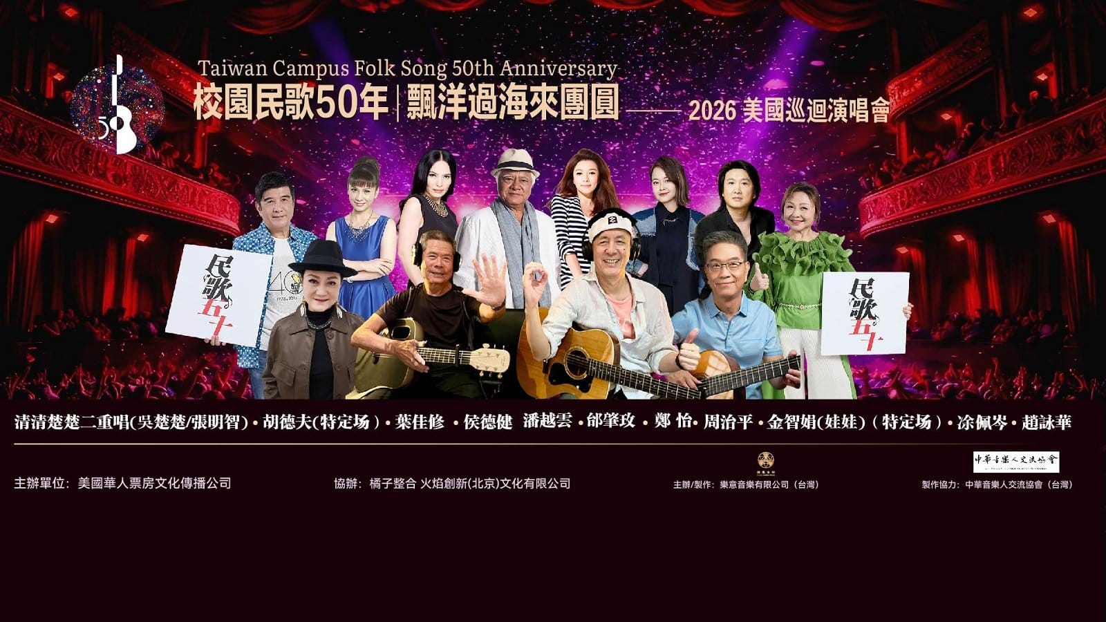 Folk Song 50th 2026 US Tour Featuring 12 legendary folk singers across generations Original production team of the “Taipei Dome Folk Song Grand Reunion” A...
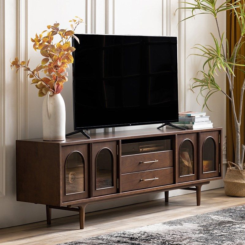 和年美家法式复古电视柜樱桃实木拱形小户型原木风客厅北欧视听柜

==

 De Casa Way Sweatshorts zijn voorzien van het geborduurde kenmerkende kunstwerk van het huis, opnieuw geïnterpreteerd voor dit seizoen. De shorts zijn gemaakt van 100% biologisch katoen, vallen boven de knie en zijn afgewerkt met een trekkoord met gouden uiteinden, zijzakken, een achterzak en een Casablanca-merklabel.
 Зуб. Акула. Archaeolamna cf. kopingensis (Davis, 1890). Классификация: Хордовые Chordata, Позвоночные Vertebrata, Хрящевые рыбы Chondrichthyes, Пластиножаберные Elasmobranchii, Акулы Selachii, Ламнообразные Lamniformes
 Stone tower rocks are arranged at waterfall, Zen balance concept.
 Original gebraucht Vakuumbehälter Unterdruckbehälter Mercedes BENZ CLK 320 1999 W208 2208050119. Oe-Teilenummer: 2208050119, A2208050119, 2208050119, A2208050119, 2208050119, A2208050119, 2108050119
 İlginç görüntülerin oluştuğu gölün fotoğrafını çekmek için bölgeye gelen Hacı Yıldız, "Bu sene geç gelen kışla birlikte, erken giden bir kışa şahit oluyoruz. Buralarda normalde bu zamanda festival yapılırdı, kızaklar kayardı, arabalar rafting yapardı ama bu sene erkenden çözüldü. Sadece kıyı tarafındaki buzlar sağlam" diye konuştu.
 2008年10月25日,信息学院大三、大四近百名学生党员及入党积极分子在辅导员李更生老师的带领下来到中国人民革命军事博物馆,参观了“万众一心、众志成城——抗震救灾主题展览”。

--

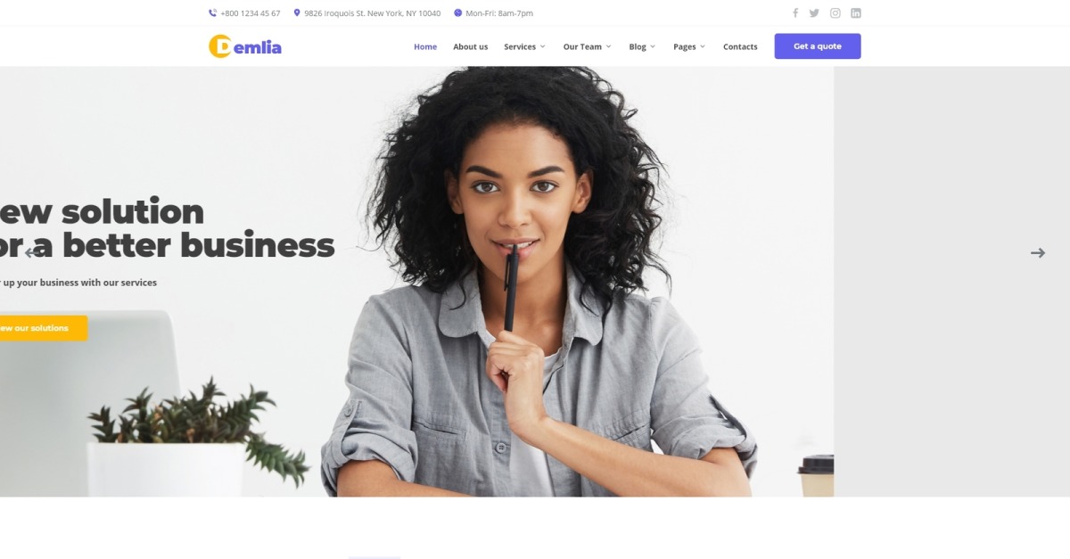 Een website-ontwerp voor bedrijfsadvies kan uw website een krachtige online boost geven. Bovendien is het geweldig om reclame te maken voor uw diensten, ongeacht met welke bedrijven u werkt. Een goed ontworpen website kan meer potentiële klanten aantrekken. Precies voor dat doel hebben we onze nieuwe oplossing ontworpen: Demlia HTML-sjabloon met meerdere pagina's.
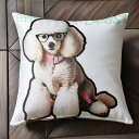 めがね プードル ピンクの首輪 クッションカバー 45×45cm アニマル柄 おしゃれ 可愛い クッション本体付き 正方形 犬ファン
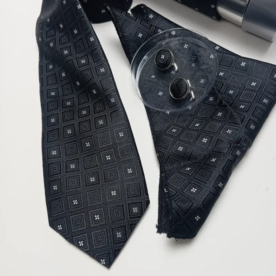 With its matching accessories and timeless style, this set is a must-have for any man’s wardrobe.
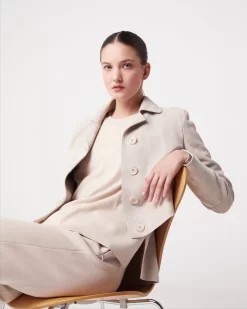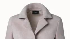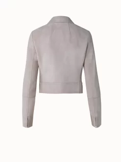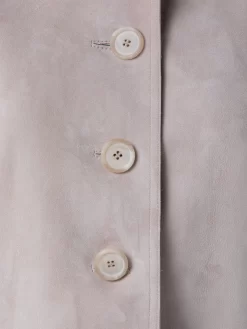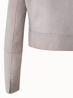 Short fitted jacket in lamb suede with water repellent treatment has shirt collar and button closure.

Work order:
Using the data above, retype exactly the lines from the line with "Folk Song 50th" to the line with "和年美家法式复古电视柜樱桃实木拱形小户型原木风客厅北欧视听柜", inclusive. No pictures and nothing else.

Solution to this exercise:
 Folk Song 50th 2026 US Tour Featuring 12 legendary folk singers across generations Original production team of the “Taipei Dome Folk Song Grand Reunion” A...
 和年美家法式复古电视柜樱桃实木拱形小户型原木风客厅北欧视听柜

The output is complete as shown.